SOURCE DATA ▸

====================

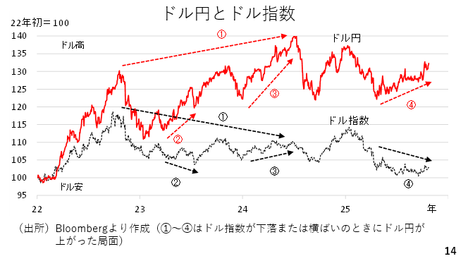 他にも➁~④の数字を付記している期間は、どれもドル指数が下落または小幅な上昇であってもドル円が勢いよく上昇している場面です。ドル円は強い円安材料があればドルそのものの上昇がなくても上がり得るのです。(スライド14)
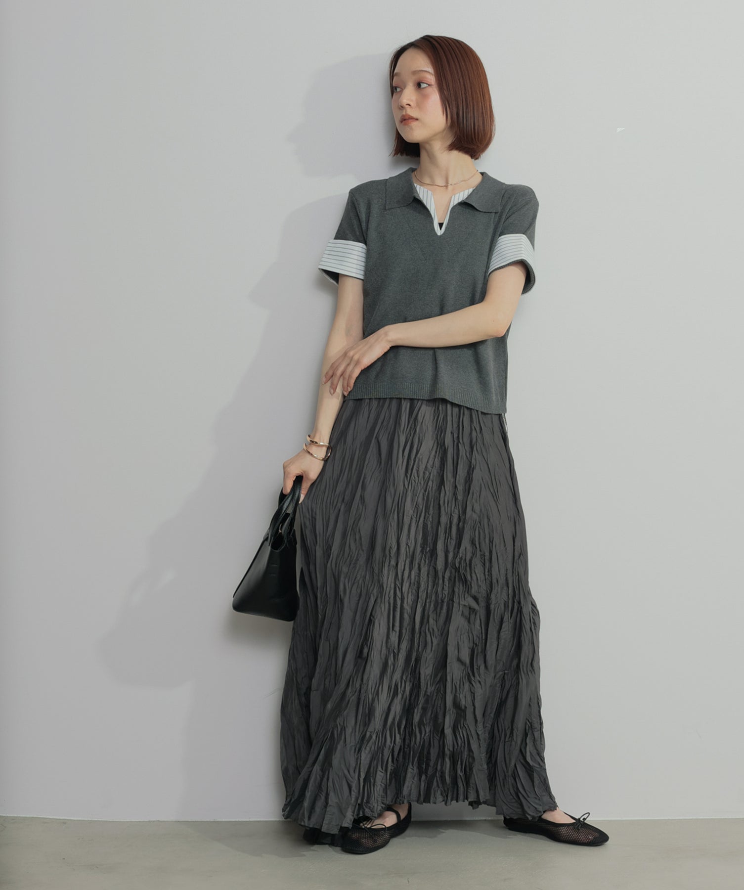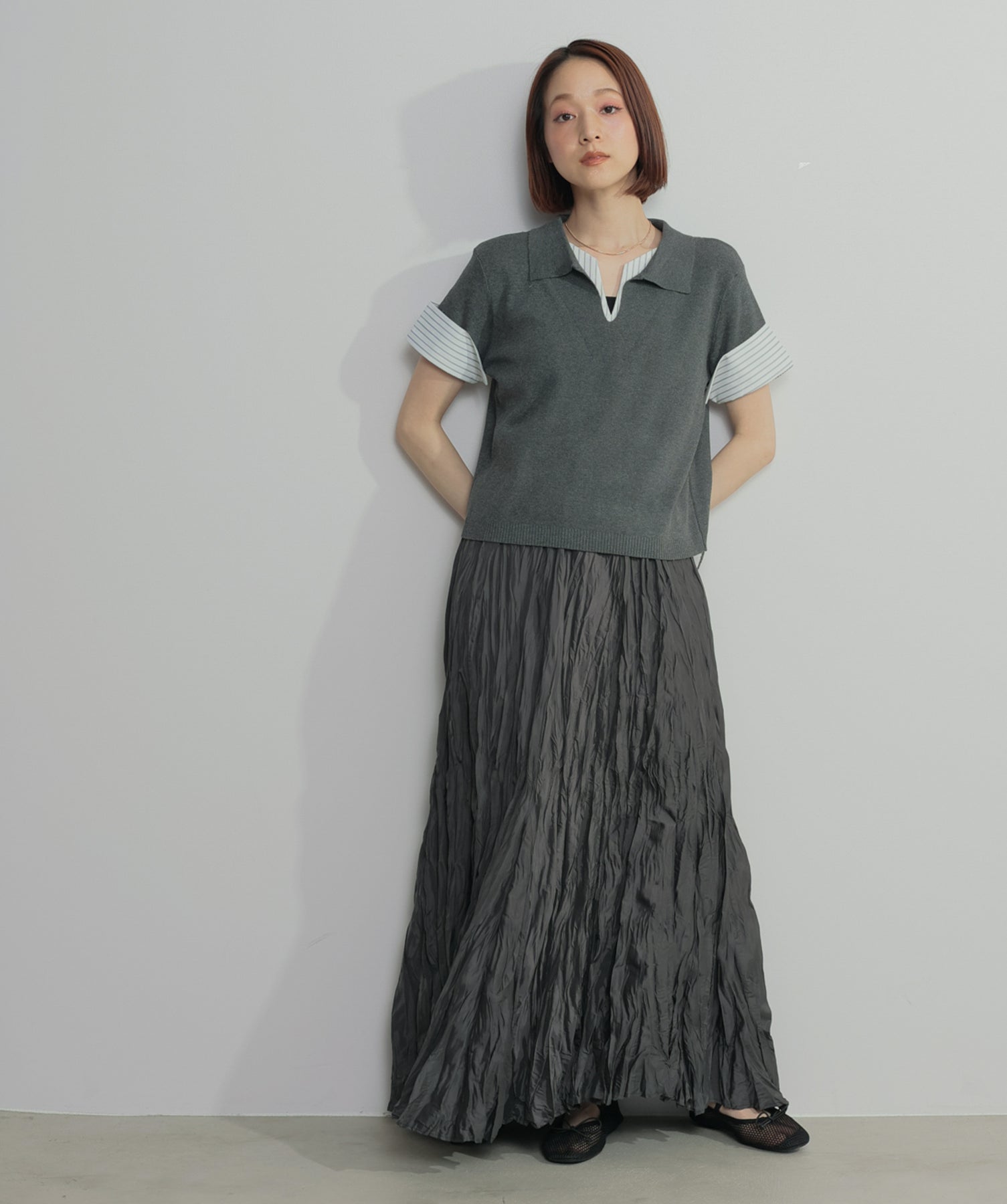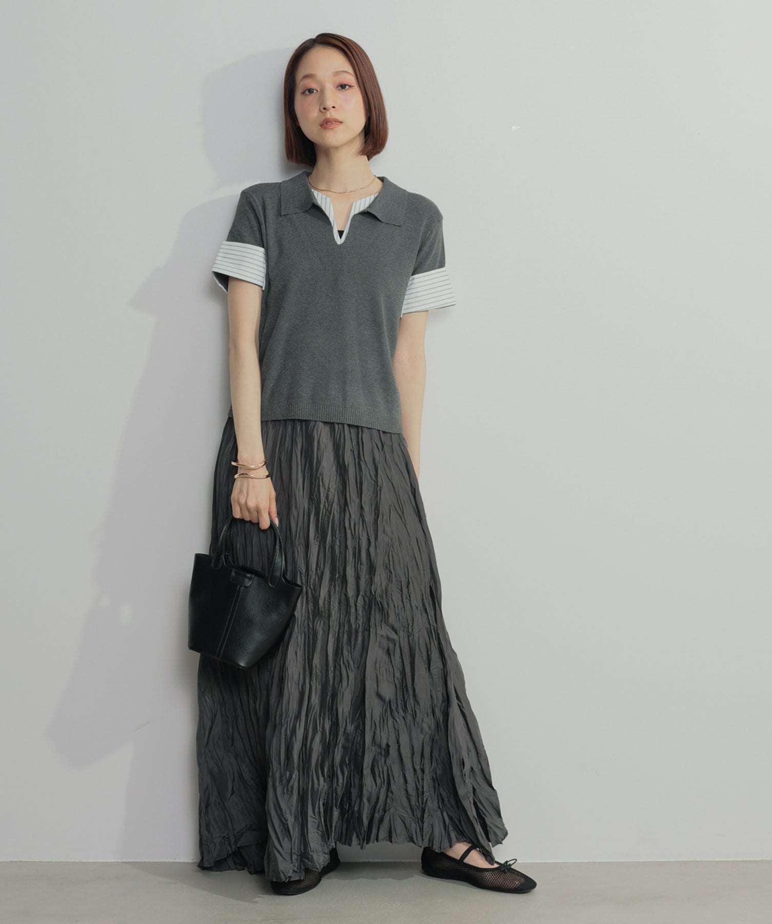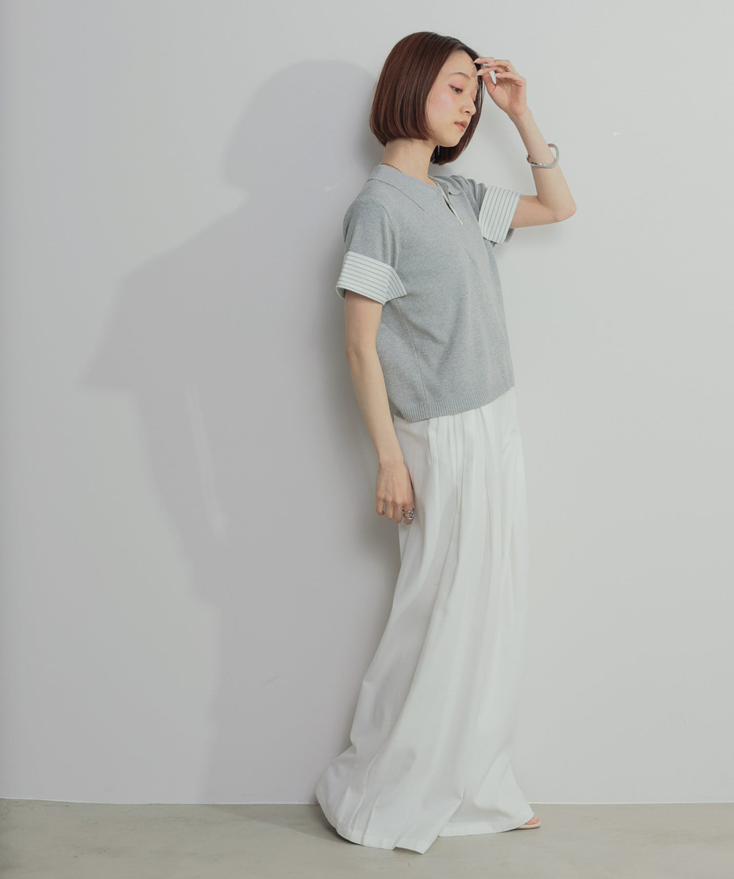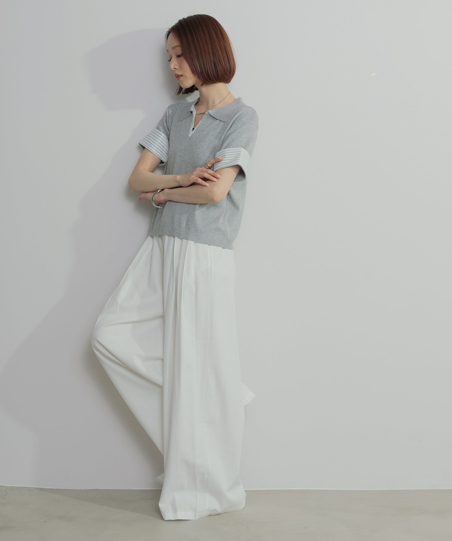 抜け感とレイヤードで魅せる、洗練ポロニットトップス。-material-柔らかく肌馴染みの良いニット素材をベースに、シャツ素材をドッキングした異素材デザイン。軽やかな着心地と程よい伸縮性で、ストレスフリーに着用可能。シンプルながらも素材のコントラストがスタイリングに奥行きをプラスします。-design-ポロニットにシャツディテールを重ねたようなレイヤード風デザインが特徴。襟元や袖口の切り替えがアクセントになり、1枚でこなれた印象に仕上がる一着。コンパクトな丈感でボトムとのバランスが取りやすく、ワイドパンツやスカートとも好相性。カジュアルさとモード感を兼ね備えた、着回し力の高いトップスです。
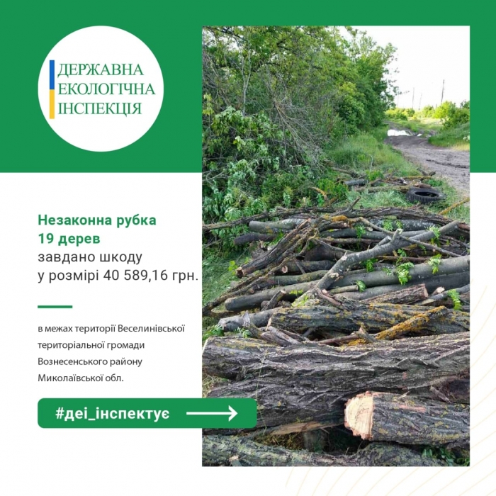 Во время проведения рейдовой проверки на территории Веселиновской территориальной общины Вознесенского района Николаевской области выявлен факт незаконной вырубки 19 деревьев и кустарников местным жителем.
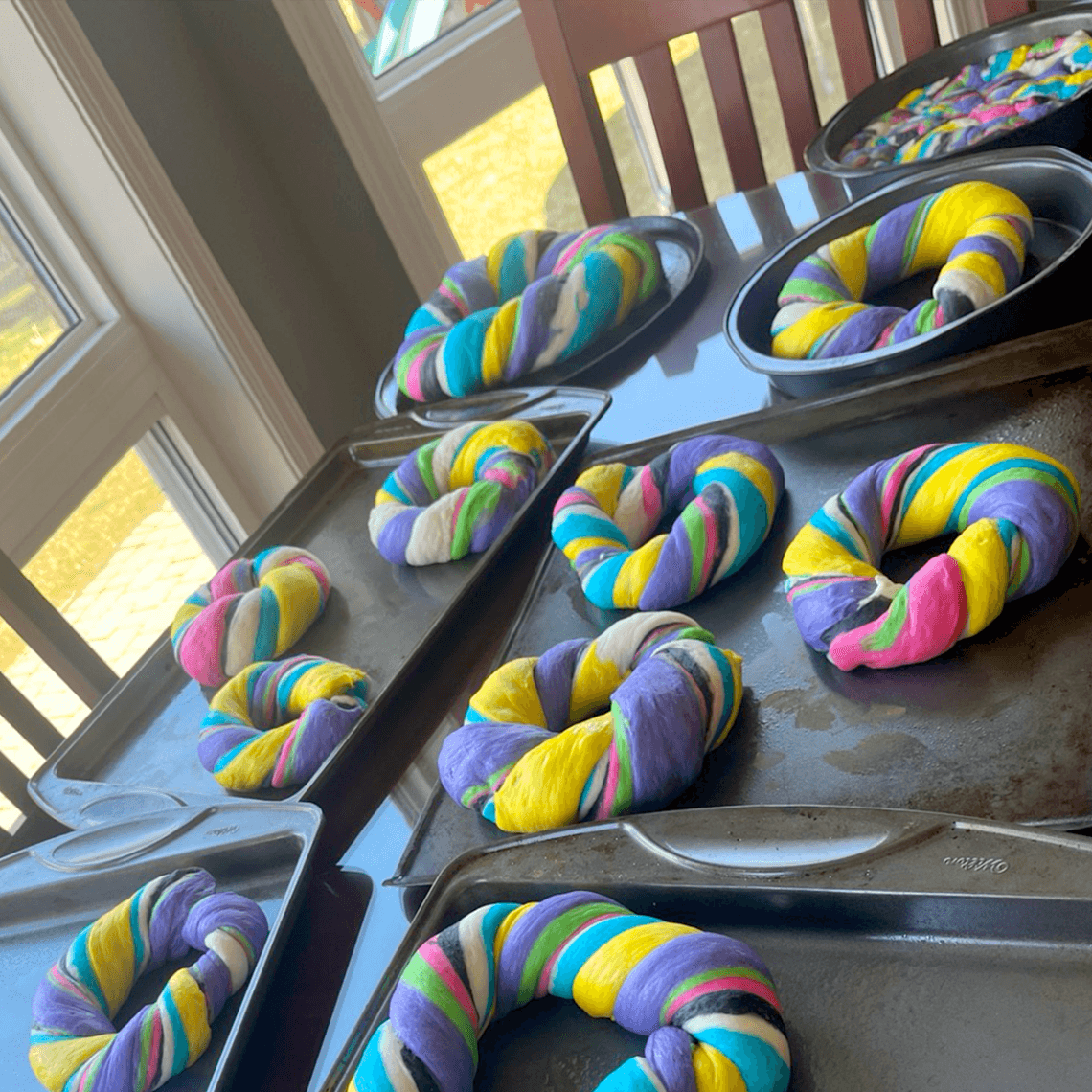 We stepped out on a limb, making 7 batches of dough, and our first draft of a simple one-page story telling the good news, using the seven (“Easter” looking) colors we selected. We prayerfully gave our “loaves and fishes”, so to speak. School teachers and neighbors loved the bread and some even shared that they had read the story with their family. It was so fun and so well received that this has become a yearly tradition, with us making more and more loaves to share (especially with those whom have expectation of receiving “their” yearly loaf of Good News Bread).

====================

Skip the pictures, please, and transcribe only the lines from the beginning of the material through the one that contains "Во время проведения".

 他にも➁~④の数字を付記している期間は、どれもドル指数が下落または小幅な上昇であってもドル円が勢いよく上昇している場面です。ドル円は強い円安材料があればドルそのものの上昇がなくても上がり得るのです。(スライド14)
 抜け感とレイヤードで魅せる、洗練ポロニットトップス。-material-柔らかく肌馴染みの良いニット素材をベースに、シャツ素材をドッキングした異素材デザイン。軽やかな着心地と程よい伸縮性で、ストレスフリーに着用可能。シンプルながらも素材のコントラストがスタイリングに奥行きをプラスします。-design-ポロニットにシャツディテールを重ねたようなレイヤード風デザインが特徴。襟元や袖口の切り替えがアクセントになり、1枚でこなれた印象に仕上がる一着。コンパクトな丈感でボトムとのバランスが取りやすく、ワイドパンツやスカートとも好相性。カジュアルさとモード感を兼ね備えた、着回し力の高いトップスです。
 Во время проведения рейдовой проверки на территории Веселиновской территориальной общины Вознесенского района Николаевской области выявлен факт незаконной вырубки 19 деревьев и кустарников местным жителем.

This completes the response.